The Future Of The Sears Brand Lies In Reinvention

Thomson DawsonJanuary 5, 20125 min

With 120 Sears and Kmart stores about to be shuttered, the future looks uncertain for yet another iconic US retail brand. Here’s our view on what it might take for Sears Holdings to create a brighter future.

It’s an understatement to say the retail environment has become a slush pile in the past decade. Once a dominant presence in every major mall across the US, Sears is now a relic from the past, struggling to find its way in a culture that no longer seems to care.

Same goes for Kmart – these iconic and once beloved brands (like Kodak) appear beyond transforming themselves into something that people will love again.

I remember growing up in the 60’s and shopping at Sears and Kmart with my Mother. She loved shopping in both those stores. Dad too. It seemed to me both these brands represented the idea that the good life was accessible to just about everyone everywhere. My family was no exception. My parents made all their major purchases at a Sears or Kmart store. They wouldn’t consider alternatives.

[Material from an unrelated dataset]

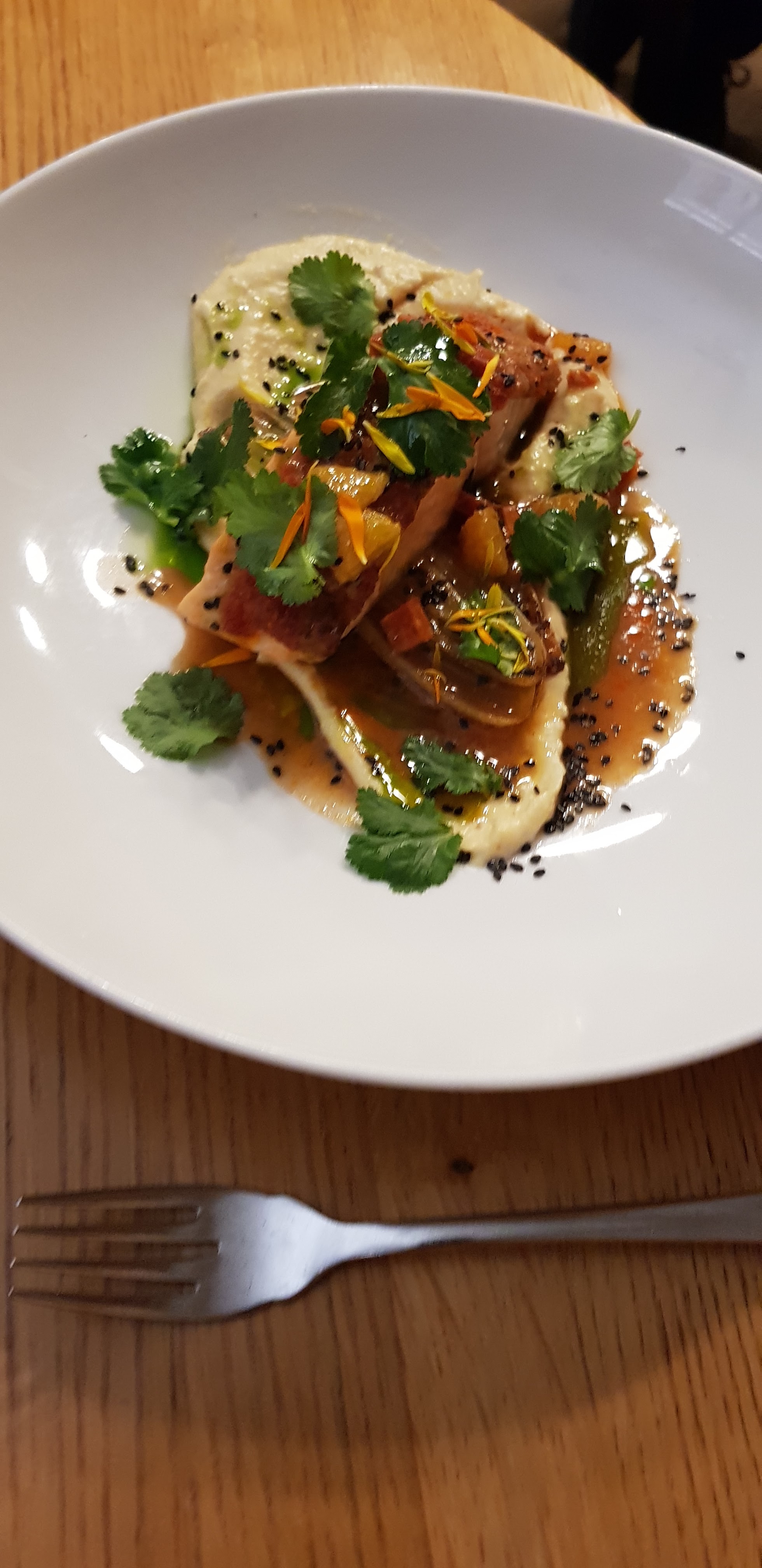 Lendroit est sympathique, le personnel aux petits soins, les plats joliment présentés. La cuisson du poisson était parfaite mais une partie de l'accompagnement (gnocchi à la betterave) manquait cruellement de finesse ( forme grossière, pâteux) et au final a pénalisé le plat. Entrée et dessert plutôt réussis. Nous sommes déjà venus dans ce restaurant il y a quelques années et j'avoue, cette fois, avoir été un peu déçue culinairement parlant.

I grew up with a deep belief that these stores were somehow sacred places for a thriving middle class living the American dream.

Times Change, Sears And Kmart Didn’t.

Now Edward Lampert and the executives at Sears Holdings find themselves in a scramble to figure out what to do with brands that have become dinosaurs from a lost world – relics from a time when things were simple and uncomplicated. Retail knowledge is not the core problem for Sears – it’s the investment banker management culture that has over time sucked the value out of these brands. Profit has been placed above serving people with experiences they care about.

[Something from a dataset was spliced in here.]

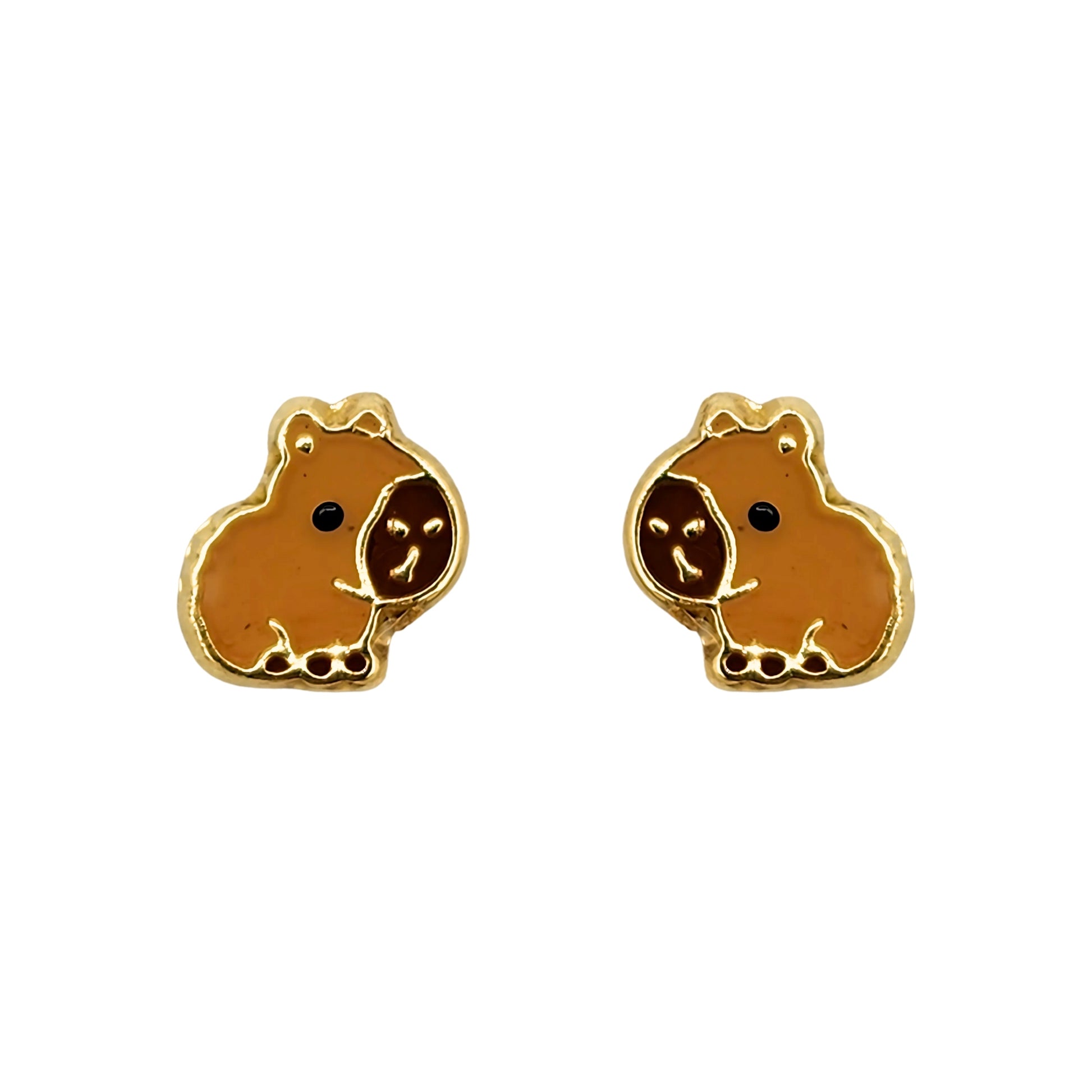 Aretes Capibara Esmaltado, Oro 10K Tipo Broquel

Now is the time for the folks at Sears Holdings to think about transforming the brand into something worthy of its heritage.

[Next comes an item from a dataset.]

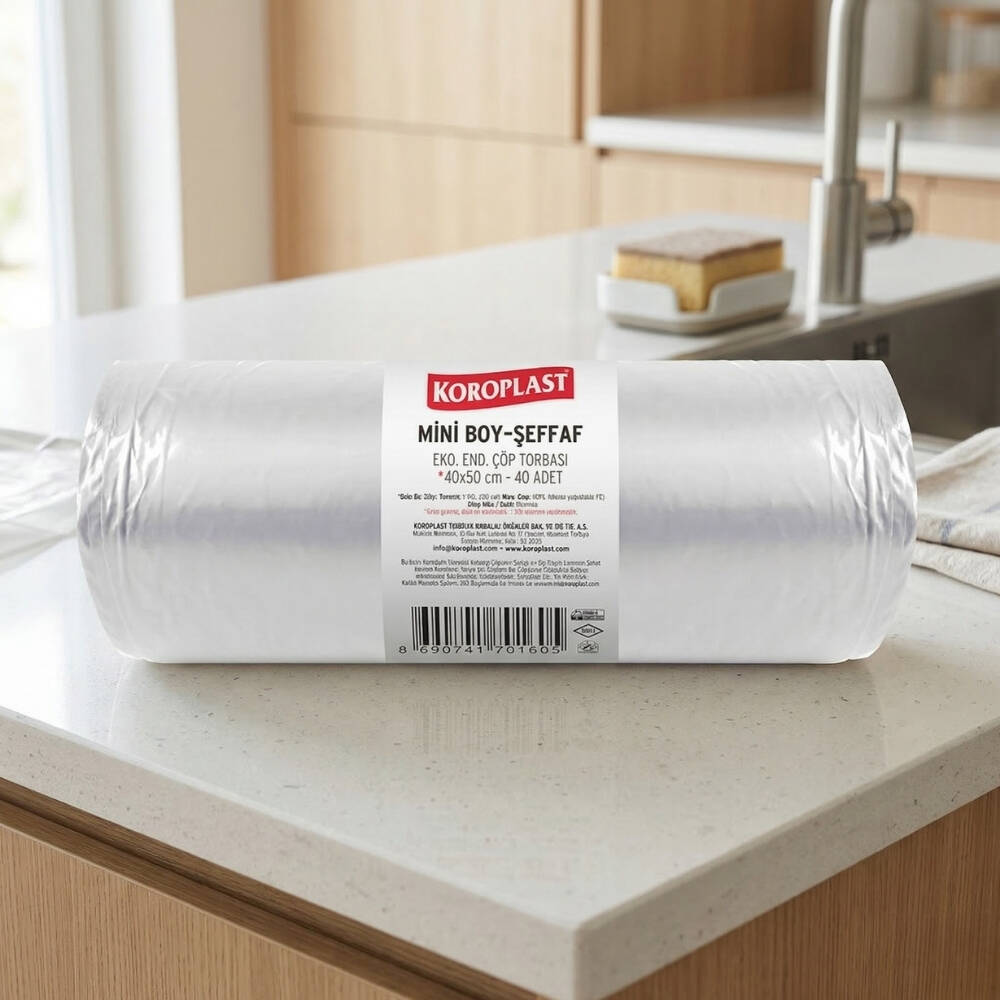 Koroplast Eko Şeffaf Mini Boy Çöp Torbası, küçük ölçekli çöp ihtiyaçları için çok yönlü bir kullanım sunar:

Sears’ Brighter Future Is In The Parts Not The Whole.

Despite weak merchandising and tired looking stores, Sears store brands are a shining pot of gold that can pave the way forward to a brighter future. Craftsman, DieHard, Kenmore and Lands End are all highly valued brands that still matter to consumers. Trouble is, one has to go into a Sears store to buy them.

Maybe a tough decision could be made to sell these coveted brands through other retail channels. According to a recent post on Store Brand Decisions, that may already be happening as there is speculation the retailer may be getting serious about new channel strategies for its legacy hardline private label brands.

According to the post, Sears has made moves to expand its store brands beyond its own stores. Sears recently struck deals to sell Craftsman tools at Costco stores and is expanding this program to include Ace Hardware stores. This past September, Sears announced plans to sell its DieHard Gold auto batteries at Meijer discount stores. However, there have been no announcements about selling Kenmore appliances at other retailers, but there’s plenty of speculation.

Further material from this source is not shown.